Early this month, the blog’s founder, Amy Jussel, called Target, complaining about a new advertising campaign that depicted a woman splayed across a big target pattern–the retailer’s emblem–with the bull’s-eye at her crotch.

“Targeting crotches with a bull’s-eye is not the message we should be putting out there,” she said in an e-mail interview.

Target offered an e-mail response:

“Unfortunately we are unable to respond to your inquiry because Target does not participate with nontraditional media outlets,” a public relations person wrote to ShapingYouth.

“This practice,” the public relations person added, “is in place to allow us to focus on publications that reach our core guest,” as Target refers to its shoppers.

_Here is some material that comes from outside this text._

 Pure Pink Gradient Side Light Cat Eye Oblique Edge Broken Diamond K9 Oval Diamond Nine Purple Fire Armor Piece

The notion that Target doesn’t work with “non-traditional media outlets” is pure bullseye bullcrap, since we’re pretty sure if we posted something like “Target powers their Design for All website with the blood of 300 freshly-slaughtered adorable baby kittens a day,” they’d be all over us like Deborah Adler‘s ClearRx design.

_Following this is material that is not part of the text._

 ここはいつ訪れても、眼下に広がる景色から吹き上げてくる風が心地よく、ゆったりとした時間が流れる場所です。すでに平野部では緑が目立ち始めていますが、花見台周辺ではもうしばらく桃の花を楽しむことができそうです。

Of course, we, being the naive non-traditional media outlet we are, just assumed that Target, being ahead-of-the-curve Target, was a pioneer of the new vajayjay trend that is currently sweeping the nation (haven’t you noticed our header?). But at least one person we surveyed even saw Target’s V-sign as empowering. “I don’t get how that could convey women as inferior. You could interpret that it’s the opposite,” says one liberated female. “That vaginas are the center of the universe.”